**Data below:**

= = = = = = =

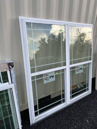 New 71 5/8in x 71 1/2in Mi Twin Single Hung Window Prairie Grid Nail Fin. Double Pane, low-e, argon filled. I have just 1 of these windows available.
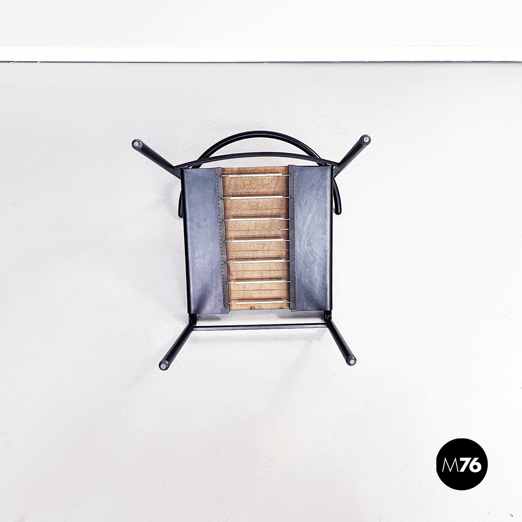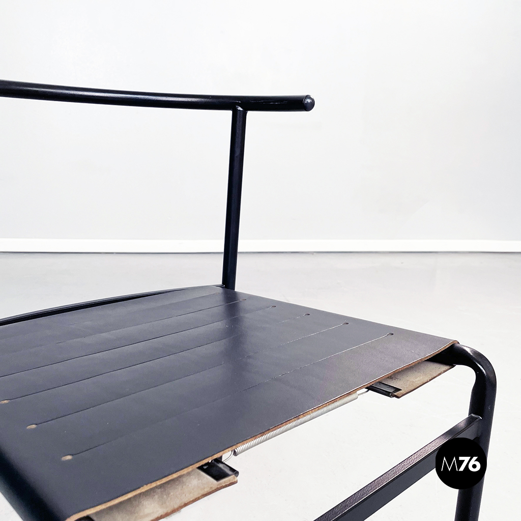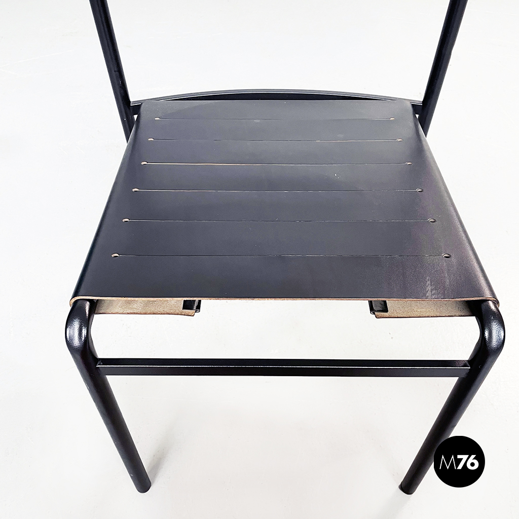 Coppia di sedie modello Cafè Chair con seduta squadrata in pelle nera. La seduta è composta da una striscia di cuoio con presenti sei tagli orizzontali, sostenuta da cinghie in lattice di gomma e polipropilene. La struttura è in acciaio tubolare verniciato nero. Lo schienale è composto da dell’acciaio tubolare ricurvo. Impilabili.
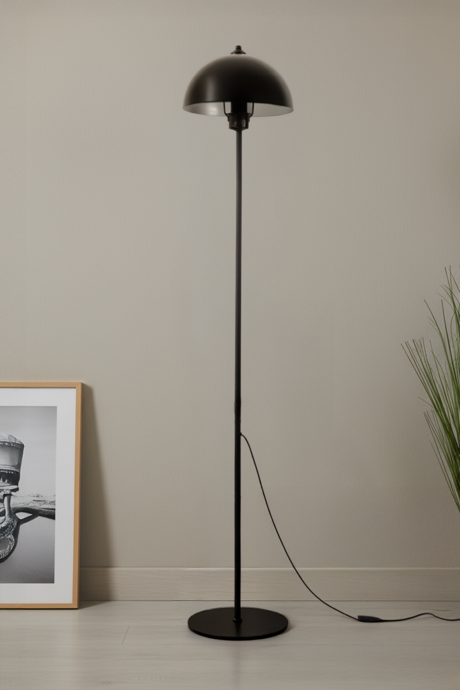 Son dönemin en popüler trendi olan Mantar Başlık tasarımı, ışığı çevreye dağıtmak yerine aşağıya doğru yumuşak ve odaklı bir şekilde indirir. Siyah başlığın içinden süzülen ışık, odanızda "kuytu", sakin ve son derece dinlendirici bir ambiyans yaratır.

= = = = = = =

**Assignment:** Pictures excluded, quote all the data above exactly.

**Exercise result:**
 New 71 5/8in x 71 1/2in Mi Twin Single Hung Window Prairie Grid Nail Fin. Double Pane, low-e, argon filled. I have just 1 of these windows available.
 Coppia di sedie modello Cafè Chair con seduta squadrata in pelle nera. La seduta è composta da una striscia di cuoio con presenti sei tagli orizzontali, sostenuta da cinghie in lattice di gomma e polipropilene. La struttura è in acciaio tubolare verniciato nero. Lo schienale è composto da dell’acciaio tubolare ricurvo. Impilabili.
 Son dönemin en popüler trendi olan Mantar Başlık tasarımı, ışığı çevreye dağıtmak yerine aşağıya doğru yumuşak ve odaklı bir şekilde indirir. Siyah başlığın içinden süzülen ışık, odanızda "kuytu", sakin ve son derece dinlendirici bir ambiyans yaratır.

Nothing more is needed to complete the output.